Post

Big Data Analysis Enabler

Big Data Analysis Enabler

✅ About BDAE(Big Data Analysis Enabler, AI Enabler) for Oracle Database

Big Data Analysis Enabler(BDAE) enables parallel processing of various AI-related R and Python modules without data movement based on Oracle Instance(s). Because it implements the Oracle Data Cartridge Interface, it is not limited to a specific schema and supports Dynamic SQL.
(contact : gracesjy@naver.com)

This is built on Oracle In-Database technology and has platform features that enable Oracle Database to be used not only as a simple storage for general AI tasks, but also as a non-stop operating environment without the overhead of data movement during learning and inference.

Oracle_In_Database

Below Image shows the operating location of BDAE in the form of Oracle In-Database. Parallel distributed processing is a feature of Oracle In-Database, and analysts do not need to consider it in their modules, which increases the reusability of logic. In addition, the fact that it can be integrated with various analysis engines can be seen as an advantage of BDAE.

BDAE_SW_Arch01

This can improve performance by reducing the number of DB calls while writing backend programs in Python and R.
Note)

  1. BDAE was developed with inspiration from Oracle R Enterprise and was created solely using Oracle manuals. However, it took a lot of time to develop through trial and error due to the lack of examples.
  2. BDAE enables your Python/R modules to run with parallelism like Oracle R Enterprise.
  3. But, BDAE has no alogithm unlike Oracle R Enterprise, just tool for AI (Machine Learning).
    Algorithms are not included because they are constantly evolving and changing. This is also because analysts can do better.
  4. Embedded Python/R execution provides some of the most significant advantages of using BDAE. Using embedded Python/R execution,
    you can store and run Python/R scripts in the database through either an Python/R interface or a SQL interface or both.
    You can use the results of Python/R scripts in SQL-enabled tools for structured data, Python/R objects, and images.

📌 BDAE Table Functions

BDAE has special SQL statements related to Oracle In-Database and provides table functions for four types of analysis for Python and R respectively. The function names were intentionally designed to be similar to those in Oracle R Enterprise, as a tribute to the inspiration they provided. Of course, the names themselves are not fixed and can be changed if needed.

  1. apEval(SQL_args, SQL_output, PythonModuleName:start_function)
  2. apTableEval(SQL_input, SQL_args, SQL_output, PythonModuleName:start_function)
  3. apRowEval(SQL_input, SQL_args, SQL_output, No_of_Rows, PythonModuleName:start_function)
  4. apGroupEval(SQL_input, SQL_args, SQL_output, GroupColumns, PythonModuleName:start_function)
  5. asEval(SQL_args, SQL_output, R_script_name)
  6. asTableEval(SQL_input, SQL_args, SQL_output, R_script_name)
  7. asRowEval(SQL_input, SQL_args, SQL_output, No_of_Rows, R_script_name)
  8. asGroupEval(SQL_input, SQL_args, SQL_output, GroupColumns, R_script_name)

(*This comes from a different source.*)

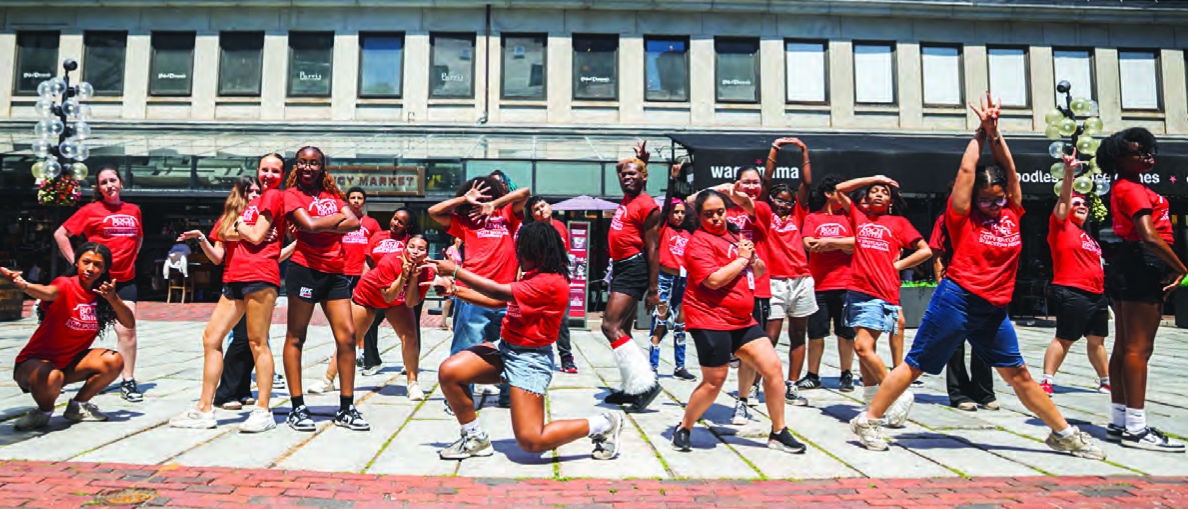 On a piping hot Wednesday in July, 39 Boston teens clad in matching red T-shirts took to the city streets for a series of high-energy flash mob dance performances. This choreographed performance wasn’t just for fun; it was a crucial part of their summer job.

apEval() is for simple testing without input data, while the rest all have input data. Each can be used for its own purpose, and the R and Python analysis modules are reusable.
The most commonly used ones are apTableEval() and apGroupEval(), and the difference between the two is that apGroupEval has Group By built-in, allowing for parallel distributed processing.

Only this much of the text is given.